** Opening Input data block **
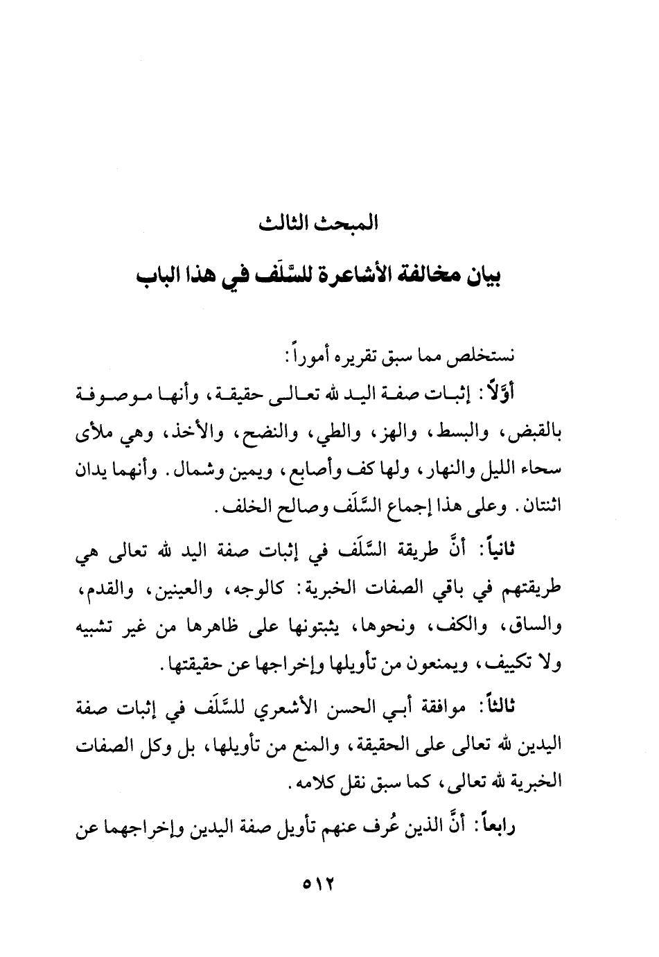 أولاً: إثبات صفة اليد لله تعالى حقيقة، وأنها موصوفة بالقبض، والبسط، والهز، والطي، والنضح، والأخذ، وهي ملئى سحاء الليل والنهار، ولها كف وأصابع، ويمين وشمال. وأنهما يدان اثنتان. وعلى هذا إجماع السلف وصالح الخلف.
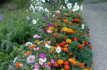 Бакча участогында төрле-төрле чәчәкләр үсә.
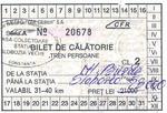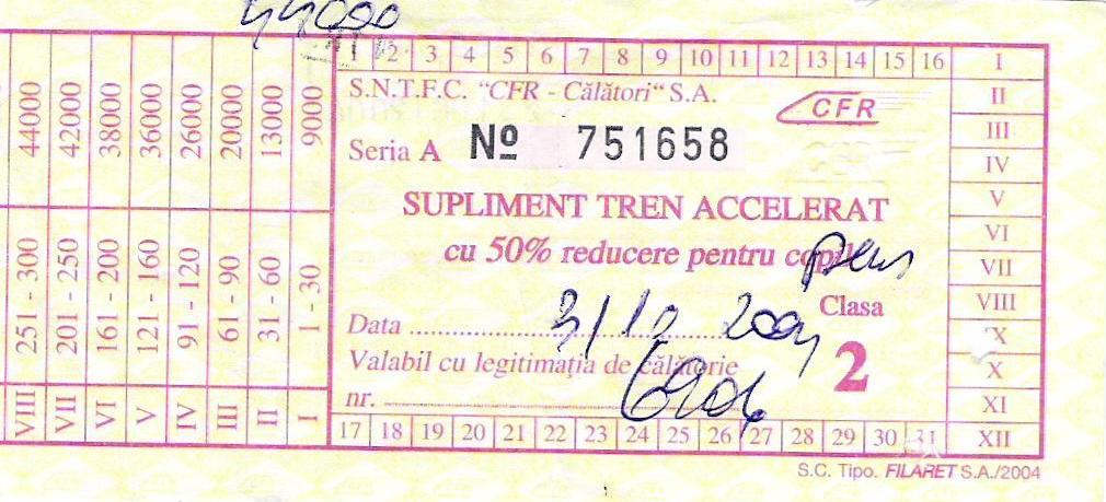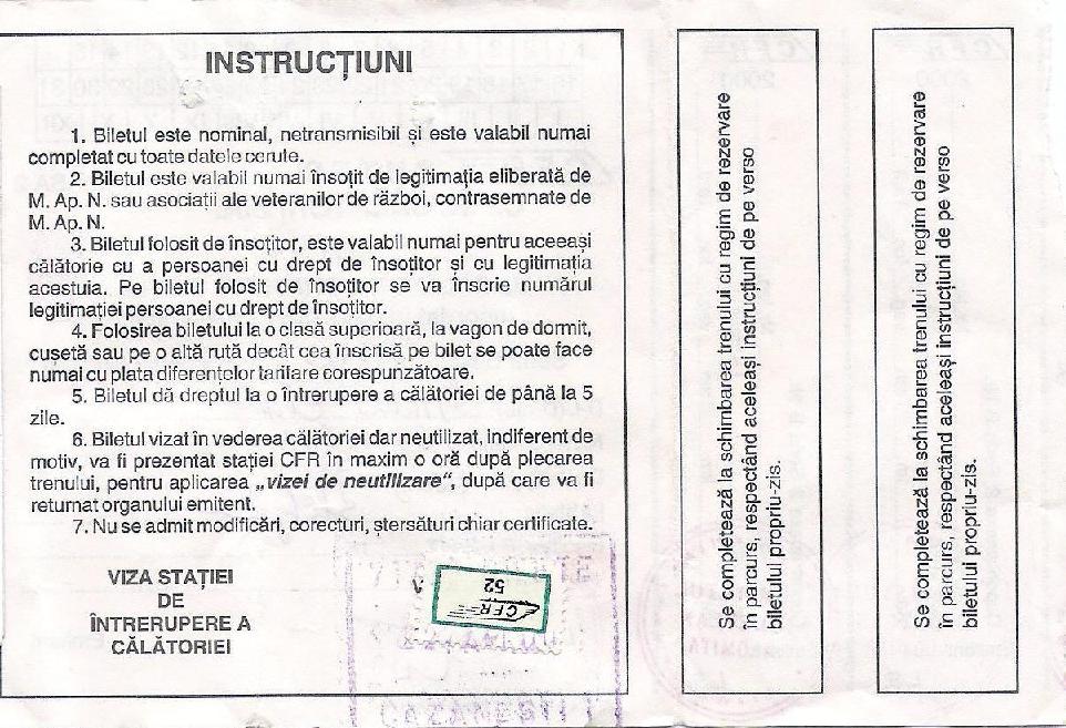 CFR train ticket issued inside the train. If a passenger get into a train from a station without ticket seller, he can buy the ticket from the conductor, at normal price (not at ,, train price", wich is 50% more expensive than the normal ticket and has no discounts), including discount for students, children, retired persons etc. if he request the ticket immediatly after he get in the train. Scan: Dr2005 - homedr2005(a)yahoo.com More pictures with Romanian Traisn can be found at www.trenuri.uv.ro |
** Closing Input data block **
■ **What needs to be done**: Take the line containing "Бакча участогында төрле-төрле чәчәкләр үсә." as the first line and the last line of the data above as the final one, and output exactly the lines between them, inclusive, with no pictures.

■ **Answer to the problem**:
 Бакча участогында төрле-төрле чәчәкләр үсә.
 CFR train ticket issued inside the train. If a passenger get into a train from a station without ticket seller, he can buy the ticket from the conductor, at normal price (not at ,, train price", wich is 50% more expensive than the normal ticket and has no discounts), including discount for students, children, retired persons etc. if he request the ticket immediatly after he get in the train. Scan: Dr2005 - homedr2005(a)yahoo.com More pictures with Romanian Traisn can be found at www.trenuri.uv.ro |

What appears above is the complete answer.